D21: carrying out intraframe decoder to spatial parameter, can be perception decoding or directly decodes；

D22: to after intraframe decoder spatial parameter carry out inverse quantization, can be directed to perception quantization inverse quantization or It is directed to the inverse quantization directly quantified；

D23: by the spatial parameter of the different frequency bands of the clustered same audio object for belonging to same frame Their corresponding frequency bands are mapped to, original spatial parameter is reduced into

The frequency domain presentation S ' (n, f) of audio signal is transformed to time domain by step D3, obtains the time domain expression s ' of audio signal (t), S ' (n, f) is signal of the S (n, f) after encoding and decoding, and s ' (t) is signal of the s (t) after encoding and decoding；It is right comprising n Time domain expression s ' (t) of the audio signal of elephant and step D2 gained spatial parameterAnd original spatial parameter institute The number Index (n, f) for belonging to audio object constitutes the audio signal of the decoded three-dimensional audio comprising n object, space ginseng Several and the affiliated audio object of spatial parameter number.Different configuration of loudspeaker or earphone can be used when specific implementation accordingly Three-dimensional audio sound field is rebuild, can restore original three-dimensional audio.
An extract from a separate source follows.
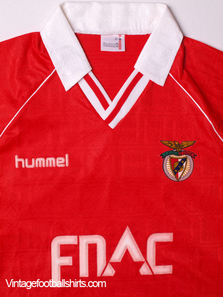 Details - Home shirt as worn when Benfica finished as runners up in the Primeira Divisao behind Porto before finishing 1 place ahead of Porto in the next season when they won the Primeira Divisao by 2 points. Also worn when Benfica made it to the 1990 European Cup final, losing 1-0 against AC Milan with Frank Rijkaard scoring the winning goal for Milan.

Embodiment is by 8 aeoplotropism audio signal (S ' after encoding and decoding₁(n,f),S’₂(n,f),…,S’₈(n, f)) transformation To time domain, 8 aeoplotropism audio signal s ' are obtained₁(t),s’₂(t),…,s’₈(t) and spatial parameter has been decoded And the number Index of the original affiliated audio object of spatial parameter (n, f) constitutes the audio signal of the decoded three-dimensional audio comprising n object, spatial parameter and the affiliated audio of spatial parameter The number of object.The present embodiment realizes the playback of three-dimensional sound signal of the band apart from side information using earphone, in order to realize ear The three-dimensional audio of machine is reappeared, and is needed with the library related transfer function (HRTF) to the end, the library PKU&IOA HRTF to far field and near field all It measures, distance r changes to 160cm from 20cm, and the resolution ratio of horizontal angle and elevation angle is 5 respectively⁰With 10⁰, we select The library PKU&IOA HRTF rebuilds to complete to have carried out the three-dimensional audio of frame data compression and interframe compression.
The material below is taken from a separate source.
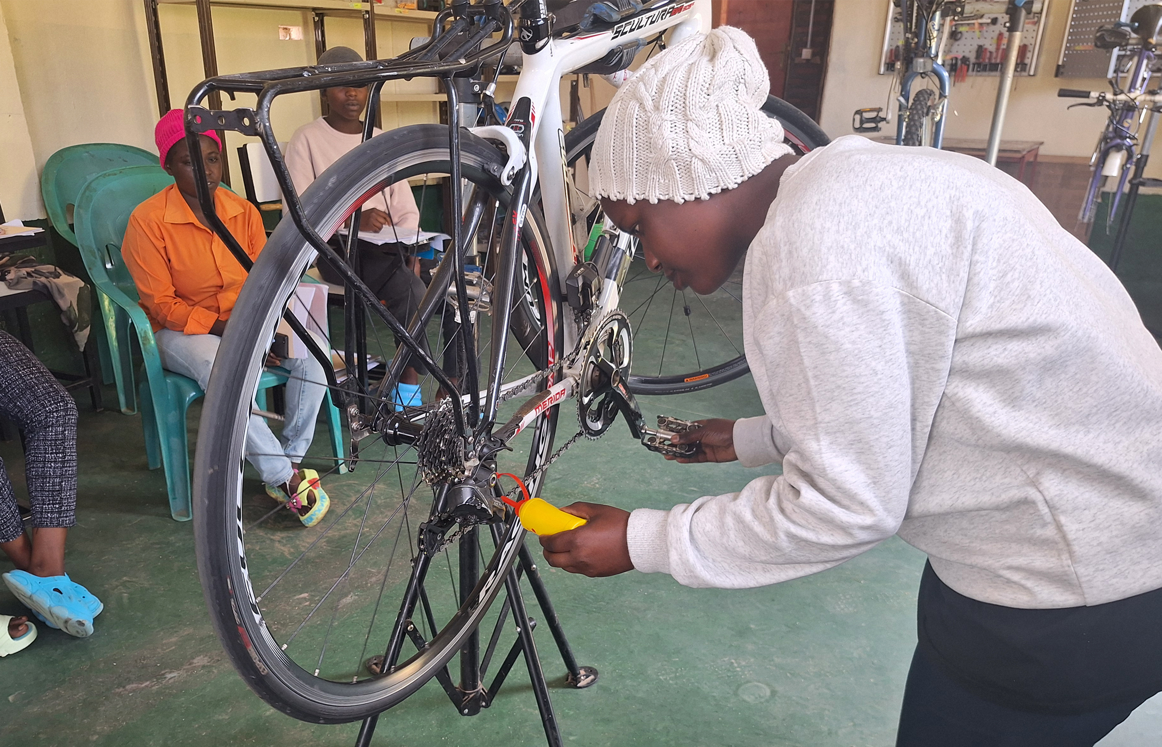 Amasaro project va dans ce sens, en permettant à des jeunes filles/femmes, mères ou non, de sortir de la précarité par l’acquisition d’un métier pour lequel les débouchés sont prometteurs. Amasaro a décidé de s’installer loin de Kigali, mais près des centres touristiques, au bord du lac Kivu, où la pratique du cyclisme est particulièrement favorable. Un local a été loué puis aménagé en atelier d’entretien de vélos où 15 jeunes femmes, présélectionnées, ont pu commencer la formation début janvier, encadrées par des professionnels qualifiés et expérimentés. Après un tri sévère, seules les plus motivées pourront arriver au bout de la formation de six mois et obtenir le diplôme de mécanicienne sur vélo. Il est prévu deux volées de 15 au maximum par année.

By Experimental comparison, three of three-dimensional audio compression method than original only interframe encode of intraframe coding are increased The compression effectiveness for tieing up audio compression method is good, and compression ratio is higher and reconstruction audio quality is still kept.Due to increasing in frame Coding can eliminate redundancy in frame, therefore this method improves three-dimensional space on the basis of guaranteeing reconstruction three-dimensional audio quality Compression of parameters rate reduces spatial parameter bit rate.
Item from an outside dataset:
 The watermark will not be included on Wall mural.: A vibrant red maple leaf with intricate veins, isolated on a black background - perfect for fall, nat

Method provided by the present invention can realize automatic running using software technology, can also realize as corresponding modularization system System.It is provided by the invention a kind of for improving the parametric codec system of three-dimensional audio spatial impression distance perception, including encoder and Decoder, the encoder comprise the following modules,

The decoder comprises the following modules:

Intraframe coding module includes cluster module, and the cluster module is used for belonging to same audio object in same frame The spatial parameters of different frequency bands clustered, i.e., identical for n, the spatial parameter that the value of Index (n, f) is identical but f is differentIt is clustered, the spatial parameter after generating cluster

Intraframe decoder module includes recovery module, and the recovery module is used to clustered belonging to the same of same frame The spatial parameter of the different frequency bands of one audio objectTheir corresponding frequency bands are mapped to, original space is reduced into Parameter

Intraframe coding module includes quantization modules, and the quantization modules are used for the spatial parameter after clusterQuantified, the quantization is perception quantization or directly quantization；Spatial parameter after quantization is carried out in frame Coding, the coding is perceptual coding or direct coding.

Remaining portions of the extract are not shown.